Just keep an eye on it mate...
And remember i dont know everything and what works for me may not work for you...
Just trying to help....
Would hate you to learn the hard way....
Substrate is brill...i use the same..
Seems to mask the smell as the bark gives off a good smell....
Brill place to hide crickets........
PETER


----------



## mandi1234 (Mar 13, 2009)

wow thats wicked............looks great, i want one :lol2:


----------



## samurai (Sep 9, 2009)

:2thumb: looks good, i wanna see the marmies!!


----------



## glidergirl (Nov 27, 2006)

Looks great! 

:2thumb:


----------



## jonnybrfc (May 10, 2010)

thanks colin, i actually dont mind the whole process actually quite enjoy it, just hate seeing my bank account get less and less lol.

Thanks peter, interesting thought, ive been checking temperatures and think i may have to get spark out to change the heater cause winter is already on its way in n.ireland lol for a single convector would u think it would cost much to run?
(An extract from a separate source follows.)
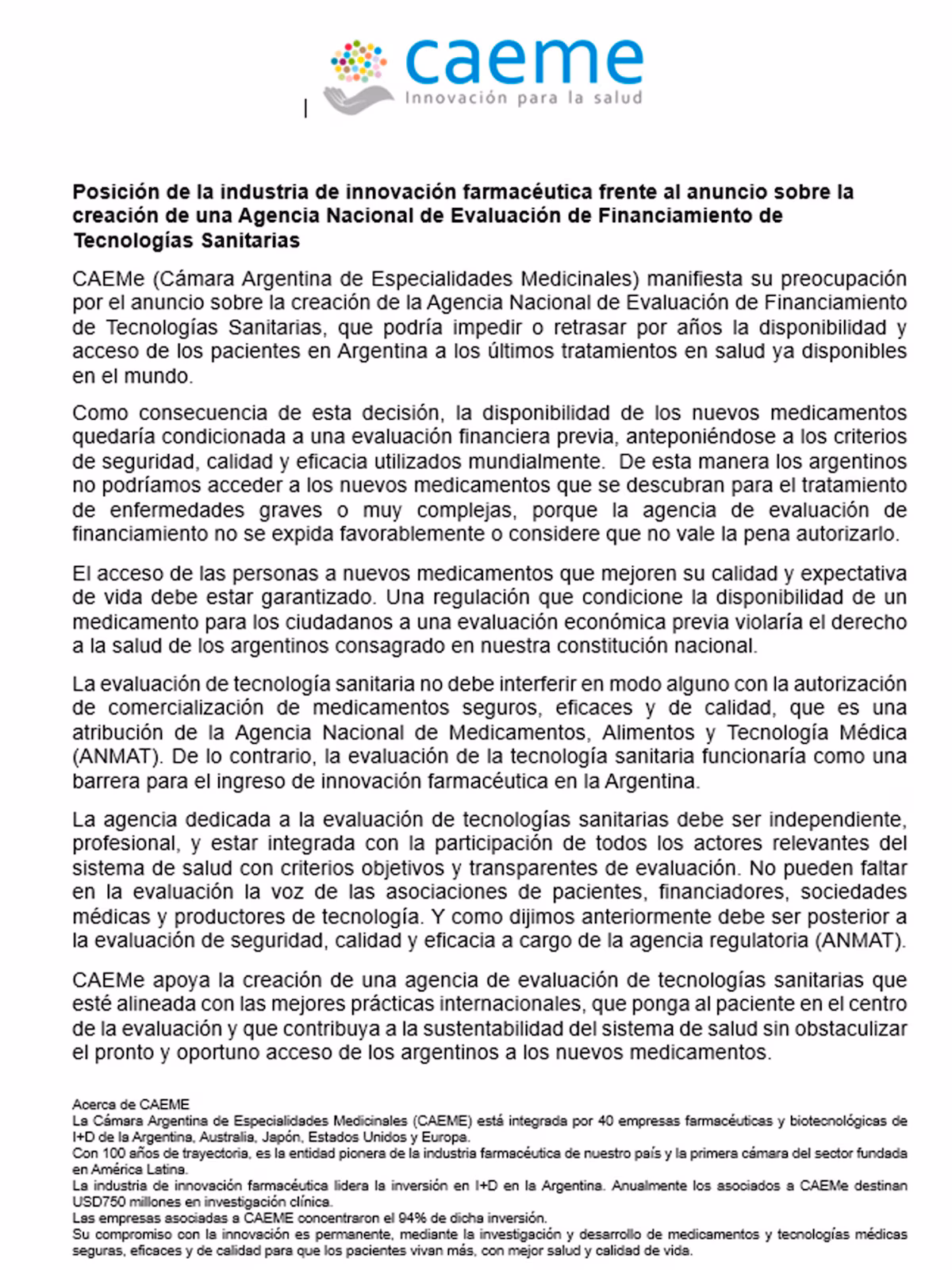 Una vez conocida la noticia de la flamante agencia, la cámara que agrupa a los laboratorios multinacionales expresaron su postura al respecto. Se trata de la Cámara Argentina de Especialidades Medicinales (CAEMe), que manifestó "su preocupación por el proyecto de normativa sobre evaluación de tecnologías sanitarias que se está discutiendo en el Ministerio de Salud de la Nación, que podría impedir o retrasar por años la disponibilidad y acceso de los pacientes en Argentina a los últimos tratamientos en salud ya disponibles en el mundo". De confirmarse esta decisión, alertaron, "los argentinos no podremos acceder a los nuevos medicamentos que se descubran para el tratamiento de enfermedades graves o muy complejas, porque la autoridad no se expida favorablemente o considere que no vale la pena autorizarlo". "Debemos garantizar el acceso de los pacientes a nuevos medicamentos que mejoren su calidad y expectativa de vida. Una regulación que condicione la disponibilidad de un medicamento para los pacientes a una evaluación previa violaría el derecho a la salud de los pacientes consagrado en nuestra constitución nacional", agregaron. Según la CAEMe, la evaluación de tecnología sanitaria "debe estar orientada a los pacientes, no interferir en modo alguno con la autorización de comercialización de medicamentos seguros, eficaces y de calidad, que es una atribución de la ANMAT, y no ser una recomendación vinculante para los financiadores de la salud. De lo contrario, la evaluación de la tecnología sanitaria funcionaría como una barrera para el ingreso de innovación farmacéutica en la Argentina". "La institución dedicada a la ETS debe ser independiente, profesional, e integrada con la participación de todos los actores relevantes del sistema de salud con criterios objetivos y transparentes de evaluación. No pueden faltar asociaciones de pacientes, financiadores, sociedades médicas y productores de tecnología", marcaron. Por eso, CAEMe "apoya la creación de una agencia de evaluación de tecnología sanitaria que esté alineada con las mejores prácticas internacionales y que ponga al paciente en el centro de la evaluación de nuevos medicamentos, sin obstaculizar el pronto y oportuno acceso a los mismos".

thanks guys will be posting pictures of marmies soon and also of inside of the heated enclosure. :2thumb:


----------



## mat_worrell (Sep 20, 2009)

Would love to see more pics.


----------



## PETERAROBERTSON (Jul 2, 2008)

jonnybrfc said:


> thanks colin, i actually dont mind the whole process actually quite enjoy it, just hate seeing my bank account get less and less lol.
> 
> Thanks peter, interesting thought, ive been checking temperatures and think i may have to get spark out to change the heater cause winter is already on its way in n.ireland lol for a single convector would u think it would cost much to run?
> 
> thanks guys will be posting pictures of marmies soon and also of inside of the heated enclosure. :2thumb:


It wont cost much for one enclosure...If you have boxed the hatch like the scetch i sent you it will stop heat loss..
Good idea to get in and shut door quick..
Ive got closers on all mine to eliminate them being open too long...
Looks brill though,,,PETER


----------



## brian (Oct 22, 2005)

Looking great :2thumb: I found them tube heaters very costly to run so we changed to oil filled heaters and boxed that in...Elec bill did drop and shed was warmer so lets see the marmosets in there........:flrt:

Ps we kept reptiles in ours.....


----------



## em_40 (Sep 29, 2010)

Looks amazing, would love that in my garden!


----------